Class 2: Logical Systems C Programming

Since there was some confusion about how distributed memory machines are structured, I've included some discussion here:

As mentioned in class, distd memory machines are easier to design and scale than shared memory machines, but programming on them is somewhat harder. Also, one has to be very concerned about communication overhead when using these machines.

A distd memory machine provides each processor with local memory, and there is no shared global space. Therefore, PEs that want to share information do so by message passing-sending messages back and forth. Each data structure has a home associated with it, and a process requiring the data structure must request it from the home process. Appeal of this kind of approach:

1. No longer a need for explicit synchronization.
2. Portability of code-all message passing machines have similar primitives to exchange data. The basic primitives are the send-receive pair.

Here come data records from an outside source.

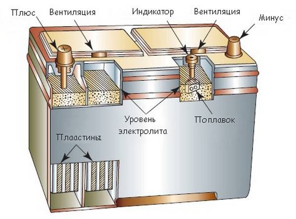 Устройство стартерных аккумуляторов
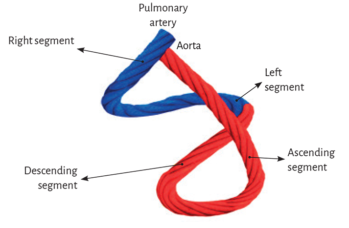 Figure 1.4. Rope model of the myocardial band. It illustrates the different segments that form the band. In blue: Basal loop. In red: Apical loop.
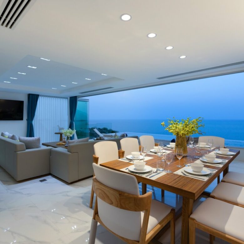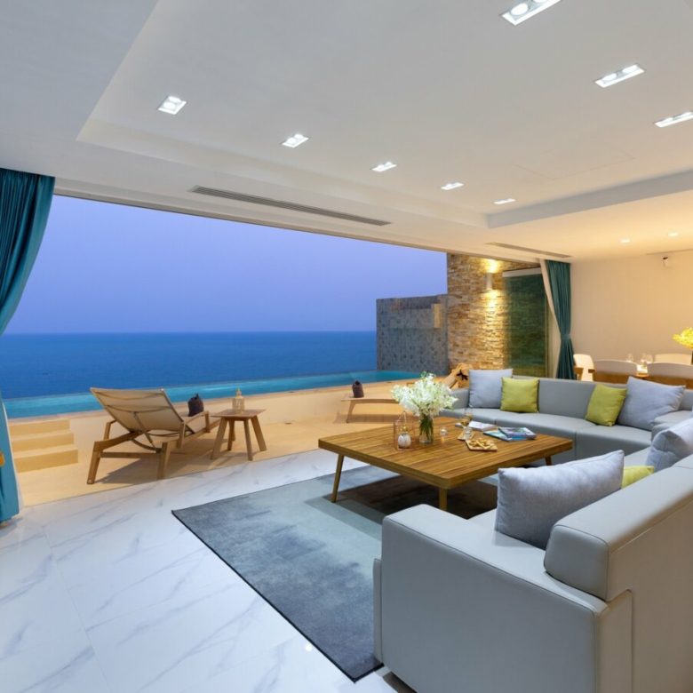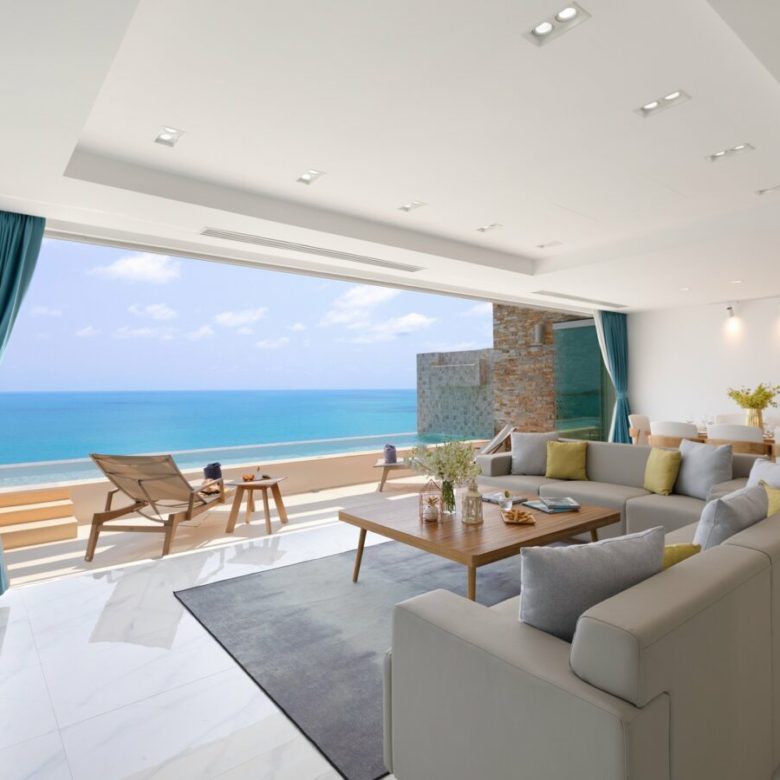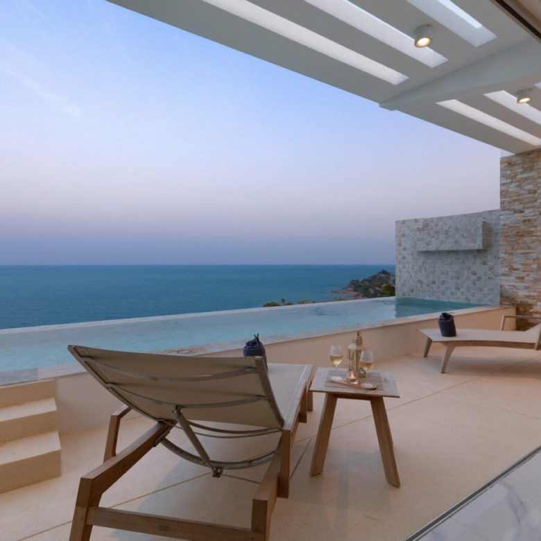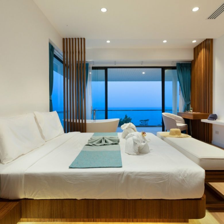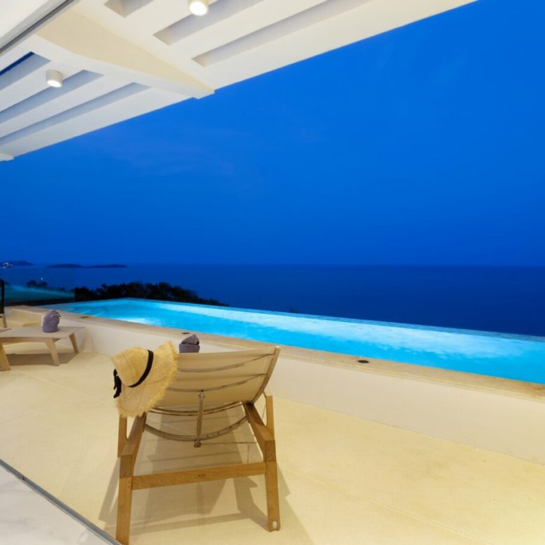 This modern beautiful semi-detached villa is located in the wave development and is built on two levels and enjoys one of the most stunning views over the gulf of Thailand and is located close to coral cove beach on the ridge that separates Chaweng beach from Lamai .
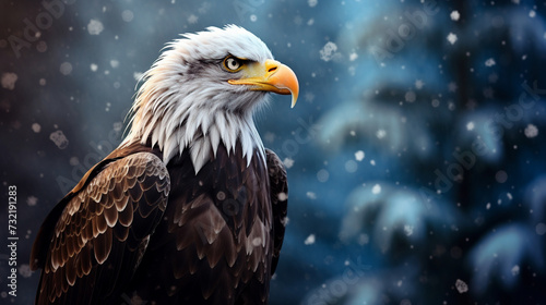 © Professional, Obraz premium Bald Eagle Standing in Snow with Falling Snowflakes
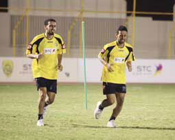 اكتفى يوسف الموينع لاعب محور الارتكاز النصراوي وزميله في نفس المركز أحمد عباس بالدوران حول المضمار في مستهل التدريبات الصفراء يوم أمس بعد إجازة الأيام الثلاثة التي تمتع بها اللاعبون من بعد فوزهم على الخور القطري (3-1) وتأجيل مباراتي الفريق أمام الوحدة والاتحاد لحساب الدوري، وشهد المران غياب المدافع البرازيلي إيدر الذي مددت إجازته مع كميل الوباري يوما إضافيا.
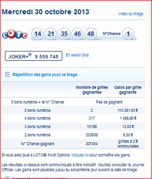 Tirage loto mercredi 30 octobre 30/10/2013,numéros gagnants et tableau des gains
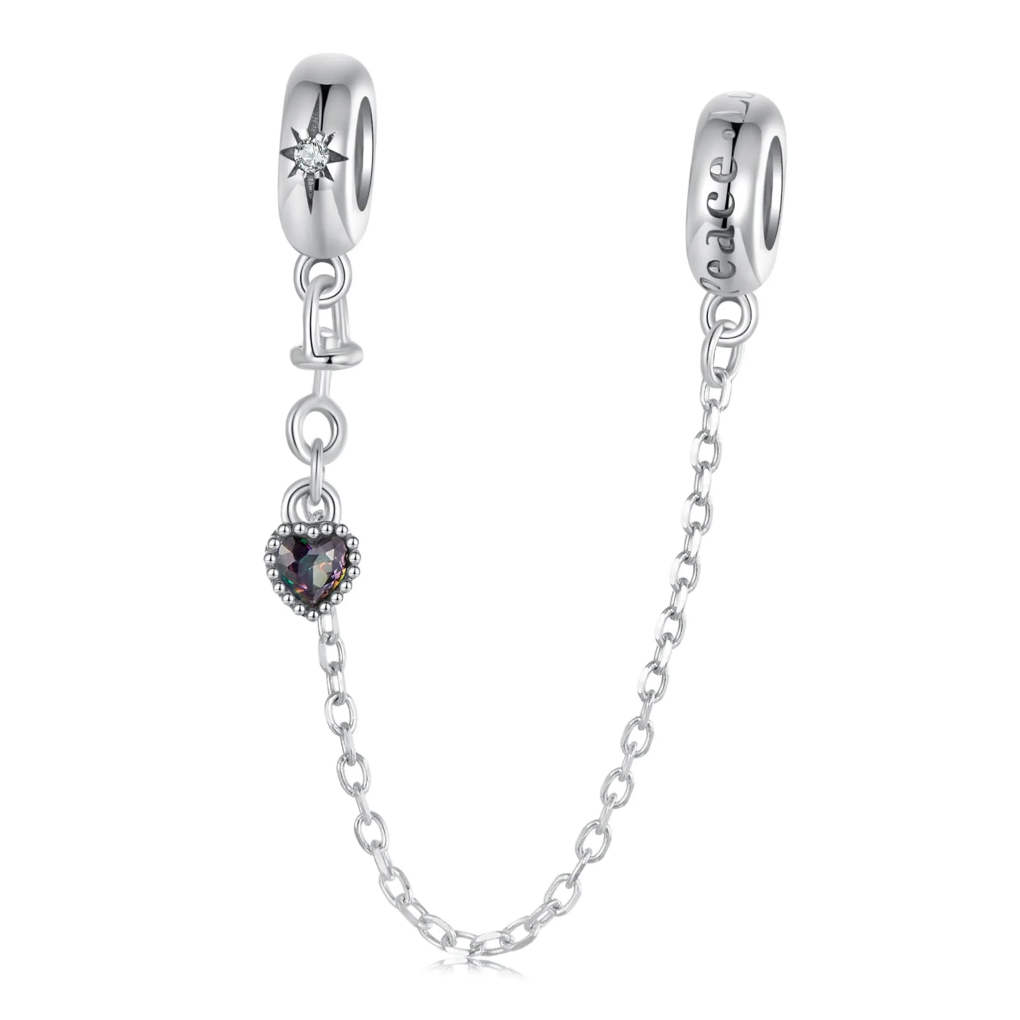 Łańcuszek zabezpieczający podwójny stoper z sercem i grawerem charms srebro 925
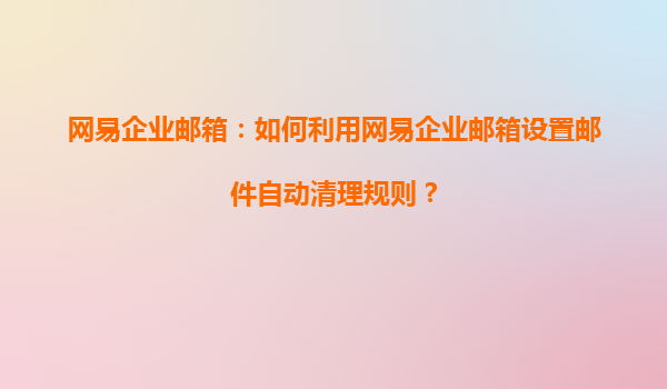 2025-08-06網(wǎng)易企業(yè)郵箱:如何利用網(wǎng)易企業(yè)郵箱設(shè)置郵件自動(dòng)清理規(guī)則? 在現(xiàn)代企業(yè)管理中,電子郵件是日常溝通的重要工具。隨著郵件數(shù)量的不斷增加,如何高效管理郵箱空間、提升工作效率成為企業(yè)關(guān)注的焦點(diǎn)。網(wǎng)易企業(yè)郵箱...

One of the earliest programming language for these kinds of machines was CSP (which stands for Communicating Sequential Processes). CSP works on the model that there are a number of sequential processes running concurrently, and they exchange information by passing messages. These processes could run on one processor, but the true effectiveness emerges when the processes run on different processors. A number of later languages would use CSP's philosophy.

CSP's communication primitives consist of:

• !: the send primitive is denoted by !. Thus Pi ! x denotes the current processes sending the contents of variable x to process Pi.
• ?: The receive primitive is denoted by ?. Thus Pi ? y means that the current process is ready to receive a message from process Pi, and the contents go into variable y.

Transputers and Occam:
Transputers are microprocessors produced by INMOS that are specially designed for parallel processing. Each transputer has four physical links, and these can be used to hook it up to four other transputers. Each chip also has on-chip RAM which is used as local memory. See figure 5.4 The latest version of this family of chips is the T9000, although not many of them are being produced at this time. Our machines have 30MHz T805 chips in them, with 4MB of RAM each.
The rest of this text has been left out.